9. The peptide according to claim 1 wherein said peptide is A*Th/R-CTL.

10. A composition comprising at least one peptide selected from the group consisting A*Th/M1-CTL, A*Th/M2-CTL, B-Th/L2-CTL, A*Th/Q-CTL, B-Th/R-CTL, B-Th/T-CTL, A*Th/L2-CTL, and A*Th/R-CTL, and a carrier.

11. The composition according to claim 10, wherein said composition comprises at least the peptides A*Th/M1-CTL and A*Th/M2-CTL.

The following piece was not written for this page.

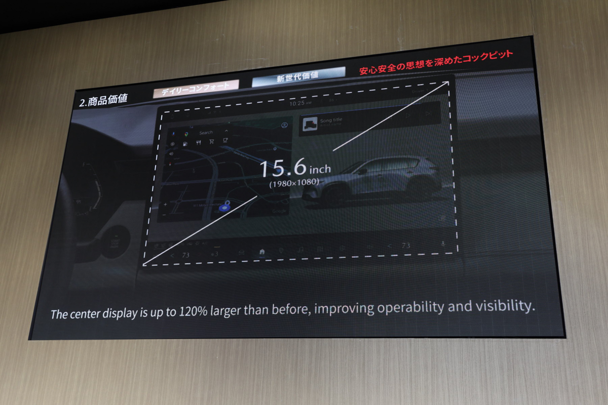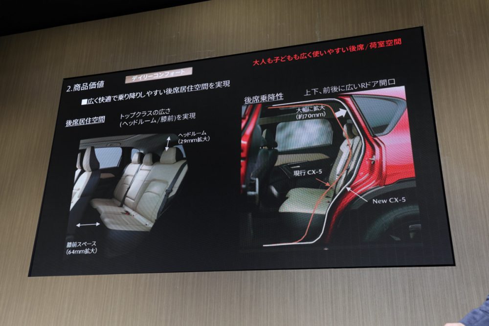 新型CX-5は、全車ハイブリッド化という大きな変化に加えて、後席・荷室の拡大、乗降性改善、Google搭載によるHMI刷新など、日常の快適性を底上げする進化が詰め込まれたモデルとして紹介されました。

12. The composition according to claim 11 wherein said composition further comprises at least one peptide selected from the group consisting of B-Th/L2-CTL and B-Th/R-CTL.

13. The composition according to claim 11, wherein said composition further comprises at last one peptide selected from the group consisting of A*Th/L2-CTL and A*Th/R-CTL.

14. The composition according to claim 10 wherein said composition further comprises an adjuvant.

15. A nucleic acid encoding a peptide selected from the group consisting of A*Th/M1-CTL, A*Th/M2-CTL, B-Th/L2-CTL, A-Th/Q-CTL, B-Th/R-CTL, B-Th/T-CTL, A*Th/L2-CTL, and A*Th/R-CTL.

16. A construct comprising the nucleic acid according to claim 15 and a vector.

17. The construct according to claim 16 wherein said vector is a viral vector.

18. A composition comprising the nucleic acid according to claim 15 and a carrier.

19. A method of inducing an immune response in a mammal comprising administering to said mammal an amount of said peptide according to claim 1 sufficient to effect said induction.

20. A method of inducing an immune response in a mammal comprising administering to said mammal an amount of said nucleic acid according to claim 15 sufficient to effect said induction.